This NTFS feature is for backing up critical servers that can't afford the loss of data between traditional tape backups.
NTFS Shadow Copy can be accomplished in two different ways:
hardware-based, or
software-based.
The Shadow Copy can either operate in two modes:
Online backup mode:
functions like a RAID, where any transaction on one drive also happens on the other.
This is read/write, full copy mirror: both drives will have identical logical structure.
The clone drives are exact mirror images of the original.
Copy-on-write mode -- before file is modified on the original drive, the
"Original" + "Difference between new and unmodified copy"
is written to the shadow volume first. Then the modification of the file takes place on the original volume.
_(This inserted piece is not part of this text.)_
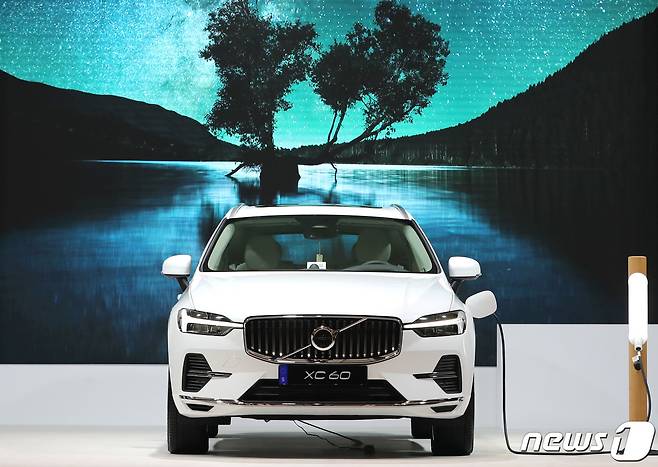 (서울=뉴스1) 이성철 기자 = 14일 서울 용산구 그랜드 하얏트 서울에서 볼보자동차코리아가 국내 최초 통합형 SKT 인포테인먼트 서비스를 탑재한 볼보 신형 XC60을 공개하고 있다. 약 4년만에 선보이는 이번 신형 XC60은 국내 최대의 내비게이션 서비스 티맵(TMAP)과 인공지능(AI) 플랫폼 누구(NUGU), 사용자 취향 기반의 음악 플랫폼 플로(FLO) 등이 기본 탑재된다. 일부 편의사양 및 파워트레인에 따라 3가지 하이브리드 엔진, 5가지 트림으로 출시된다. 2021.9.14/뉴스1

Copy-on-write mode operates like a mirror, but provides that any modification has a "prior version". This allows for the original drive to be rolled back in case if a write transaction goes bad. Thus,
Shadow Copy = Original + Difference
Copy-on-write can be much faster than the online backup, because only the changes are written instead of everything. (The original must still be available to maintain the shadow copy, but is written just once.)
NOTE: Unlike a true versioning file system, the users cannot trigger creation of new versions of an individual file -- only the entire volume.
Reference:
http://en.wikipedia.org/wiki/Shadow_Copy
Windows Server
(technet.microsoft.com)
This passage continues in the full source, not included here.